Research substrate for Mochi MEP-45 (May 2026). A 12-file deep dive into ahead-of-time transpilation from Mochi to ISO C23: language surface, design philosophy, prior-art transpilers, runtime building blocks, codegen design, type-system lowering, C-target portability, dataset pipeline, streams and agents, build system, testing gates, and risks.
Background research for Mochi MEP-45: the deep-dive specification for the C-as-target AOT half of MEP-42. The transpiler takes compiler3 IR, lowers it to ISO C23 plus a thin libmochi.a runtime, and ships a statically-linked single-file native binary for every tier-1 triple (x86_64-linux-{gnu,musl}, aarch64-linux-{gnu,musl}, aarch64-darwin, x86_64-darwin, x86_64-windows-msvc, x86_64-windows-gnu, wasm32-wasi). The master correctness gate is byte-equal stdout from the produced binary versus vm3 on the entire fixture corpus.
Each file in this section pins down one piece of the lowering contract. The notes are first-principles design work, not summaries of the current implementation. They were written ahead of code so the spec leads the build.
Files
- Language surface – every Mochi construct the codegen must lower, walked through one section per topic (value core, function core, collection core, ADT core, query DSL, stream/agent core, logic, AI/FFI, tests, modules, error model, concurrency).
- Design philosophy – the five guiding principles (spec-first, boring C, no ABI surprises, portability over performance, verifiable output) plus the runtime shape and a sample C output.
- Prior-art transpilers – Nim, Crystal, Vala, OCaml, Roc, Koka, MLton, Cosmopolitan, zig cc, Cython, ATS, MLton, Soufflé, plus 12 distilled lessons and a full sources list.

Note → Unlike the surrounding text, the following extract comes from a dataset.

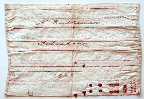 Stoplap, oefenlap van getint katoen. ‘N.R. 1920’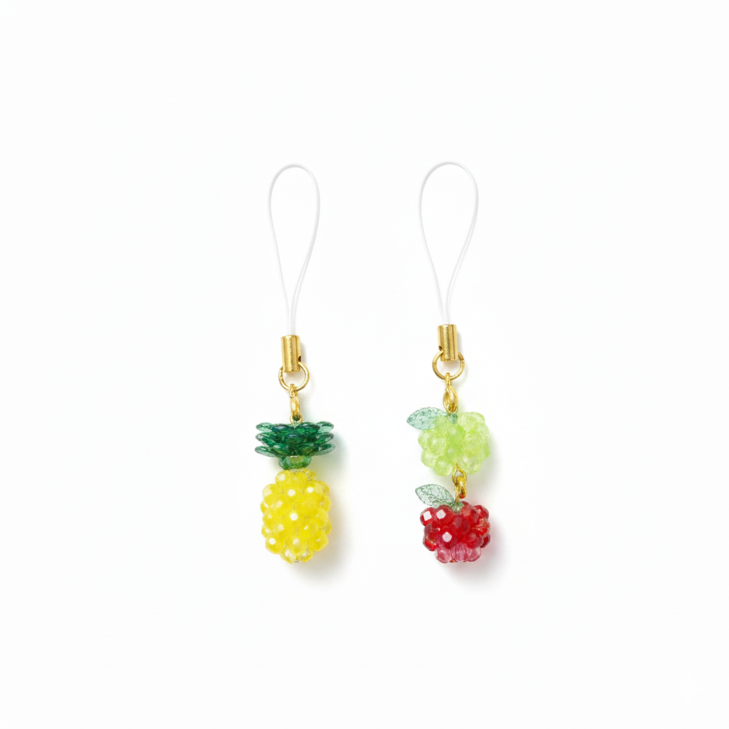 - 「フルーツのストラップキット」で、リンゴとパイナップルの2種類のフルーツモチーフが作れます

- Runtime building blocks – GC (BDWGC, MMTk, Perceus), allocator (mimalloc, scudo), coroutines (minicoro), I/O (libuv, libxev), strings (utf8proc, simdutf), hash tables (cwisstable), JSON/YAML/CSV, HTTP (libcurl), LLM, FFI.
- Codegen design – pipeline, name mangling, type lowering table, expression/statement lowering, setjmp/longjmp errors, Maranget pattern matching, modules, debug info.

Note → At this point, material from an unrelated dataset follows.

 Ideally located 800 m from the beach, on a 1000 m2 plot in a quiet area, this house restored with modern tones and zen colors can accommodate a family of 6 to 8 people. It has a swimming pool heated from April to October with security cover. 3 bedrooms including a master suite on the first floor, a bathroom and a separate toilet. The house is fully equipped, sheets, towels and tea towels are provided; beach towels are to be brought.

- Type-system lowering – monomorphisation, records, sum types with niche optimisation, closures with fat pointer, strings with short-string optimisation, lists, Swiss-table maps, sets, time, errors.
- C target portability – C23 features used, compiler matrix (clang, gcc, msvc, zig cc, cosmocc, tcc), tier-1/2/3 targets, ABI per arch, libc matrix, sanitisers, reproducibility, hardening, style guide for emitted C.

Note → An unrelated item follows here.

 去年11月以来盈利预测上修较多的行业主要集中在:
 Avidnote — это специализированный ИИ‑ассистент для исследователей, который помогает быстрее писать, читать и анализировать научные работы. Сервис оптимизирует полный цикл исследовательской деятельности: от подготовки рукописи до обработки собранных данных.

- Dataset pipeline lowering – query DSL lowering with operator fusion, joins (inner, left, cross), group-by, order-by, distinct/union/intersect/except, arena allocation, load/save adapters.
- Streams and agents – stream/agent/mailbox lowering, M:N work-stealing scheduler over minicoro fibers, channels, shutdown protocol.
- Build system –
mochi buildcommand surface, cache layout (BLAKE3 content-addressed), cross-compile via bundled zig cc, APE via cosmocc, WASM via wasi-sdk, distribution, versioning. - Testing and CI gates – differential testing vs vm3, BG corpus, sanitiser matrix (ASan/UBSan/TSan/MSan/LeakSan), property tests, fuzzing, reproducibility check, 16 phased gates.
- Risks and alternatives – semantic, build, supply-chain, performance risks; explicit rejection of LLVM IR / WASM / Rust / JIT / C++ / Zig as primary; kill switches; comparable industrial precedent.
See also
- Native Code Emission – the parent research substrate for MEP-42, of which this is the C-AOT half. Pair with the copy-and-patch JIT notes there for the full picture.
- Memory Management – the MEP-41 substrate; the GC choice and capability story in note 04 and the hardening defaults in note 07 inherit from this.